Downsides to the Big Tent approach
Concerns about the Big Tent approach fall into several categories
Cross project overloading
One concern, voiced by Doug Hellman, was about overloading cross project teams such as documentation, infra, and so on. These teams have already been struggling to keep up with the mass of new integrated projects; what would happen when every project was on equal footing? To solve this problem, the TC has decided to restructure those teams to enable new projects to do things for themselves, rather than do everything for them. Every project must have documented “cross project liasions,” and must work to set up its own CI systems, write its own docs, and so on. The current cross project teams will then focus on helping these teams be self-sufficient.
Another major — and justifiable — concern was that this would make OpenStack incredibly complicated to test. “But then,” Jay pointed out, “it is already. Right now, all integrated projects are tested against all other integrated projects, but that doesn’t make sense. Nova consumes Keystone, not the other way around. This process doesn’t need to be transitive. The gate needs to be restructured around these dependencies, but a technical problem shouldn’t affect policy.”
But what about the (in)famous six month release cadence? How can this possibly be maintained without defining the projects that are part of it? Swift was never on the same cadence as OpenStack and nobody died, but surely that’s the exception, isn’t it?
It turns out that this is less of a concern than one might think. Generally, users fall into one of two categories: release-based, and time-based.
A large contingent of OpenStack users is release-based, which means that they deploy the integrated release, and all of the pieces involved. “For them what matters is actually dependencies, but it’s not what you think,” Jay says. “You’d think that nova-server depends on keystone-server, but it doesn’t. nova-server depends on the python keystone client, which then interacts with Keystone. That client works with a specific Keystone server API version, which requires a specific library. So it’s all about dependencies.” Those dependencies can be managed via the micro-tagging that all projects will get in this process, along with the normal dependency-tracking functionality that package management systems enable.
Other users are time-based; they are always X weeks behind trunk, and making their own packages. For those people, the release cadence has never mattered; they tracked the dependencies on their own.
For some, OpenStack already has too many choices. Do you deploy Swift for Object Storage? Ceph? What will happen when there are multiple projects that can serve a specific need?

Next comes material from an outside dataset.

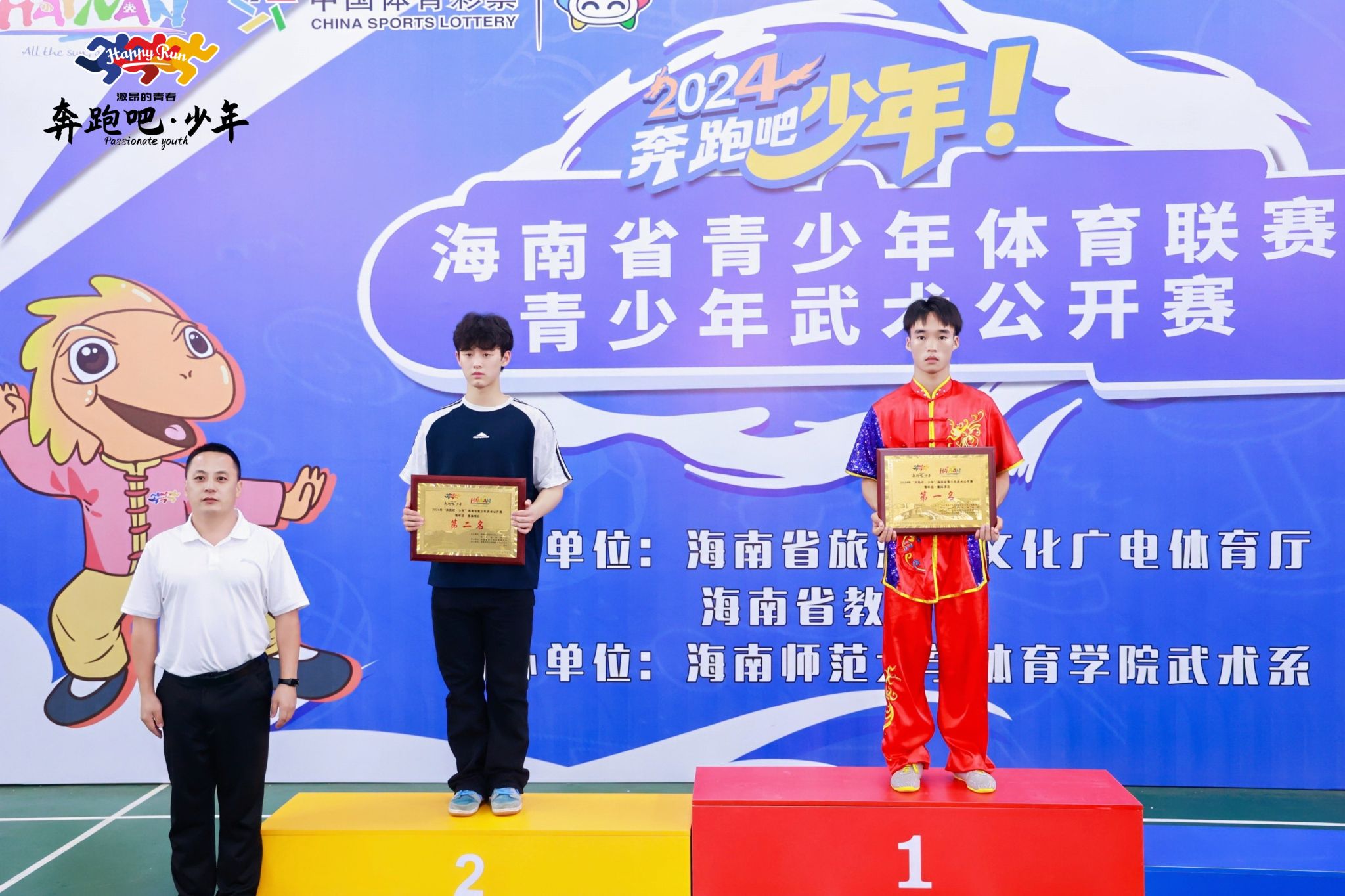 2024年“奔跑吧·少年”海南省青少年武术公开赛由海南省旅游和文化广电体育厅、海南省教育厅主办,海南师范大学体育学院武术系协办。赛场上,海经贸参赛选手眼神坚定,动作流畅有力,招式精准到位,力量恰到好处,获得了评委和观众的一致好评。荣誉的背后是同学们夜以继日的努力,他们严格要求自己,不断提升武术技巧,精心调整力度速度,每一次的练习,每一次的汗水,都是为了在赛场上展现出最好的自己。

“There will be a set of tags specific to operations and deployment,” Jay says. “For example, maybe you’d filter by ‘mature’ vs ‘experimental’ vs ‘stable’, or by the number of successful releases each project in a particular problem space has had.”
“Ultimately, it’s all a documentation issue.”
The bottom line
Of course the main concern about adding multiple projects in a problem space is the potential for diluting the pool of potential developers. How will projects get critical mass, if everyone’s doing their own thing?“It’s all about projects that are driven by motivated people,” Jay said, “just as it is today.”